== THE TASK ==
Starting with the line that has "5月25日下午,bat365" in the records below and ending with the line that has "A través del", output those lines exactly and nothing more; omit the pictures.

===== INFORMATION SUPPLIED =====

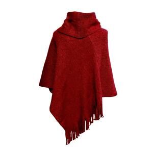 This CHICOS Women's Wild Poppy Red Cozy Stripe Cowl Neck Poncho Sweater is the perfect statement piece for the winter season. Made from a blend of polyester, acrylic, and other materials, this relaxed fit one size sweater features a cowl neck and fringe accents for added flair. The festive red color, shimmer fabric, and machine washable care make it ideal for various occasions from casual outings to parties. Add a touch of bohemian style to your wardrobe with this versatile and stylish poncho sweater.
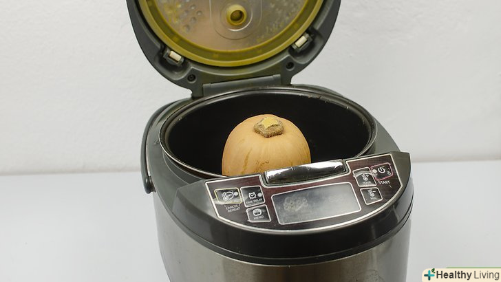 Запікайте цілий гарбуз в мультиварці 3-4 години, якщо хочете спростити собі роботу.покладіть гарбуз на обробну дошку і обережно зробіть кілька надрізів по 1,3 см.помістіть весь гарбуз в мультиварку і накрийте кришкою. Готуйте на високій потужності 3-4 години або 6-8 годин на низькій. Коли гарбуз стане м'якою і досить охолоне, щоб її можна було взяти в руки, розріжте її уздовж навпіл і видаліть насіння.[10]Інший спосіб: якщо ви хочете приготувати гарбуз в скороварці, помістіть кошик В пристрій і налийте в неї 1 стакан (240 мл) води. Покладіть гарбуз у кошик і закрийте кришку. Готуйте гарбуз 20 хвилин. Скористайтеся функцією швидкого скидання тиску і розріжте гарбуз, коли вона досить охолоне.
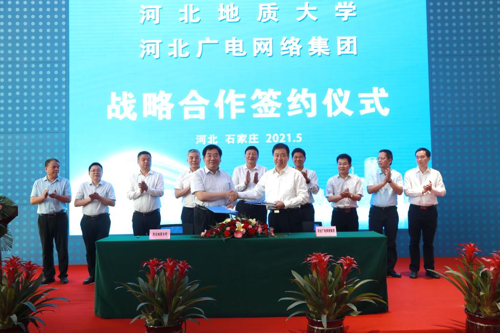 5月25日下午,bat365官网与河北广电网络集团战略合作签约仪式在河北广电网络产业中心一楼展厅举行。校长王凤鸣、副校长冯鸿雁,河北广电网络集团董事长李新平、总经理王韶华、副总经理王连成,双方相关部门负责同志出席签约仪式。
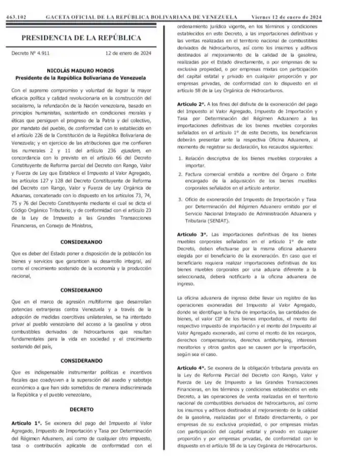 A través del Decreto N.º 4.911, publicado en la Gaceta Oficial N.º 42.797, de fecha 12 de enero de 2024, la administración de Nicolás Maduro, exoneró el pago de impuestos, por un año, a las importaciones y ventas de combustibles derivados de hidrocarburos en Venezuela.
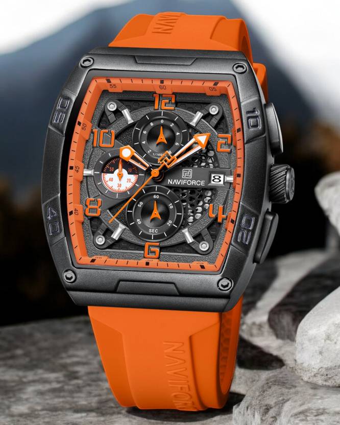 The Naviforce NF8052 seamlessly integrates innovation and uniqueness with its sleek barrel-shaped case and cutting-edge skeleton dial, redefining the concept of sports watches by blending style, functionality, and durability. The three chronograph subdials and professional sports design embody a perfect fusion of form and function. The luminous display ensures that time is easily accessible even in the most challenging conditions. Additionally, the NF8052 reflects a commitment to environmental consciousness and resilience with its eco-friendly ion plating and hardened mineral glass, along with 3ATM water resistance and an ergonomic silicone strap. This combination of innovative design and high-quality construction makes it an enticing product for sports enthusiasts and environmental advocates alike.
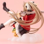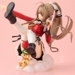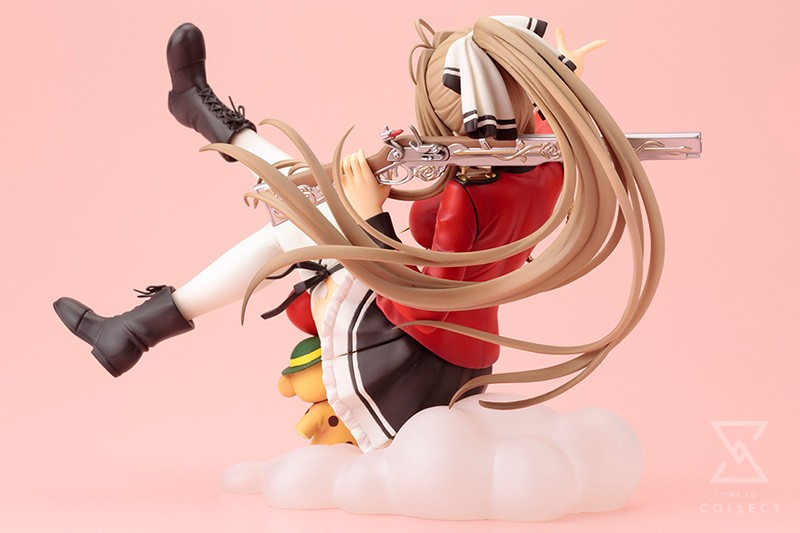 A Kotobukiya Japanese import! Based on the Japanese light novel series by Shoji Gatoh and Yuka Nakajima, the anime series Amagi Brilliant Park tells the story of a magical amusement park that’s secretly a life support system for survivors of another realm. Now the interesting characters of the park are coming to Kotobukiya’s Ani*Statue collection with the royal guard and manager Isuzu Sento! Taking a moment to herself from threatening workers at the park, the Maple Land guard relaxes by reclining on a cloud, leaning back with her feet up in the air. Isuzu wears her distinctive uniform with a red and black jacket, black skirt with white frilly hem, white stockings, and short black boots. Her outfit is further accessorized by a black and white hair tie, black garters on her stockings, and intricate gold braids and ties on her shoulder and chest. Her workers better watch out as the boss makes a shooting gesture with one hand while the other holds her magical muzzle loader over her shoulder! The beautiful Isuzu is fantastically detailed with the decoration on her firearm, clothing elements, long hair, and a smiling face, and there’s even a tiny Moffle fairy holding a red balloon sitting with her. Sculpted by Ryo Hashimoto, the Amagi Brilliant Park manager is nearly 5 inches tall (1/8 scale) sitting on her puffy cloud-shaped display base. Keep the other statues in your collection in line with the beautiful and eye-catching Isuzu Sento sitting on your shelf!
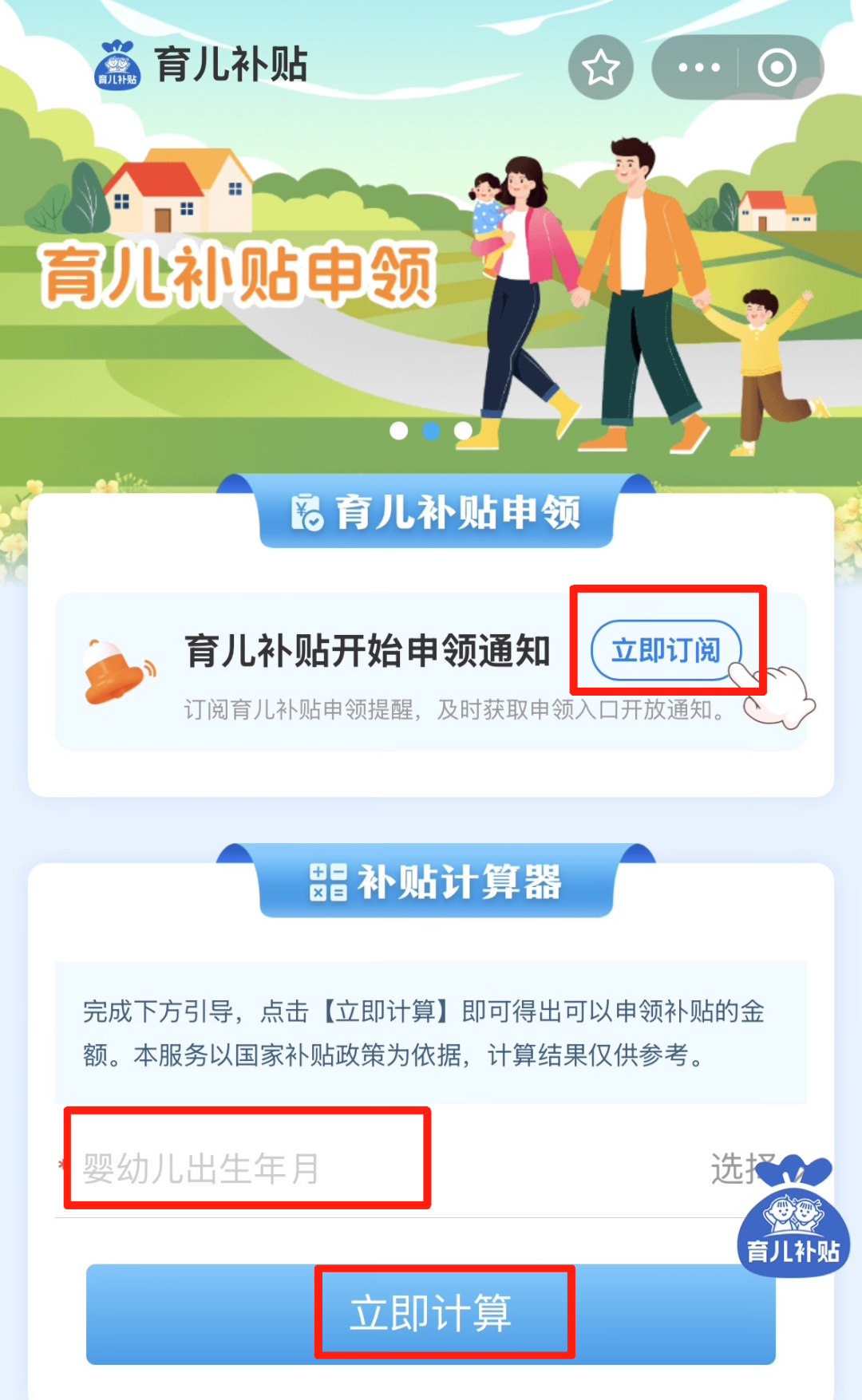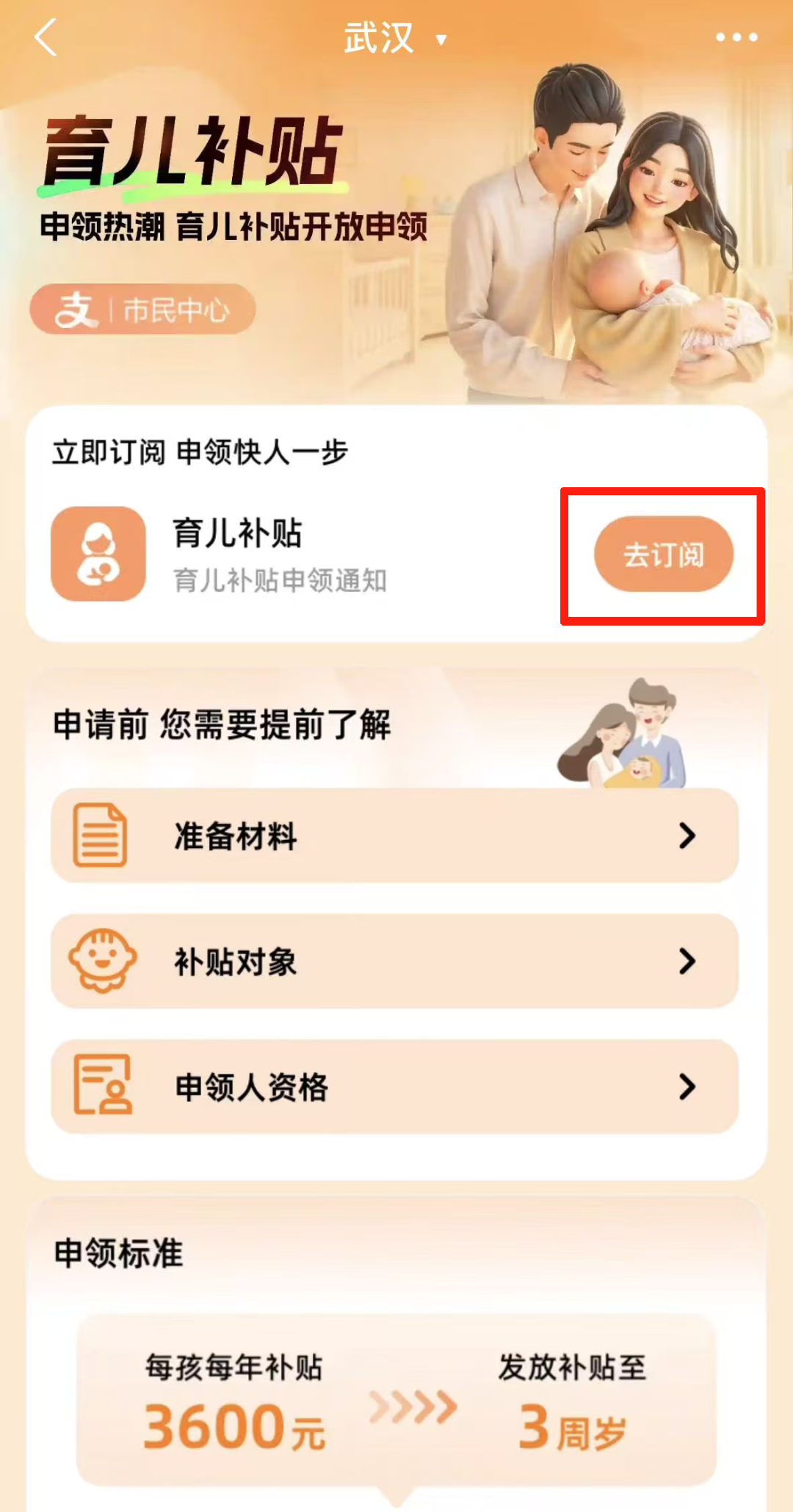 点击【育儿补贴】旁边的【去订阅】
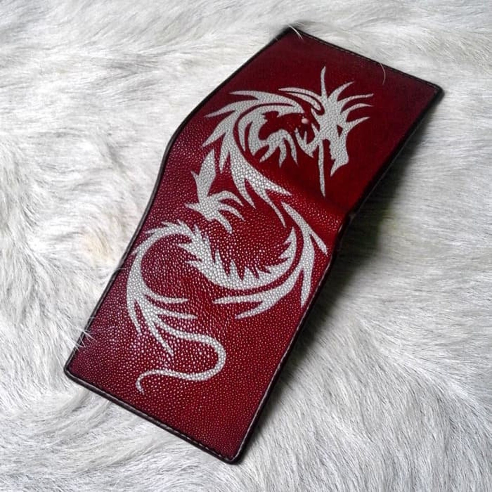 как выглядит Original Mens Wallet RED Motif Dragon R.a.y Leather Bifold Genuine Gift Bday фото

=====

== SOLUTION FOR THIS EXERCISE ==
 5月25日下午,bat365官网与河北广电网络集团战略合作签约仪式在河北广电网络产业中心一楼展厅举行。校长王凤鸣、副校长冯鸿雁,河北广电网络集团董事长李新平、总经理王韶华、副总经理王连成,双方相关部门负责同志出席签约仪式。
 A través del Decreto N.º 4.911, publicado en la Gaceta Oficial N.º 42.797, de fecha 12 de enero de 2024, la administración de Nicolás Maduro, exoneró el pago de impuestos, por un año, a las importaciones y ventas de combustibles derivados de hidrocarburos en Venezuela.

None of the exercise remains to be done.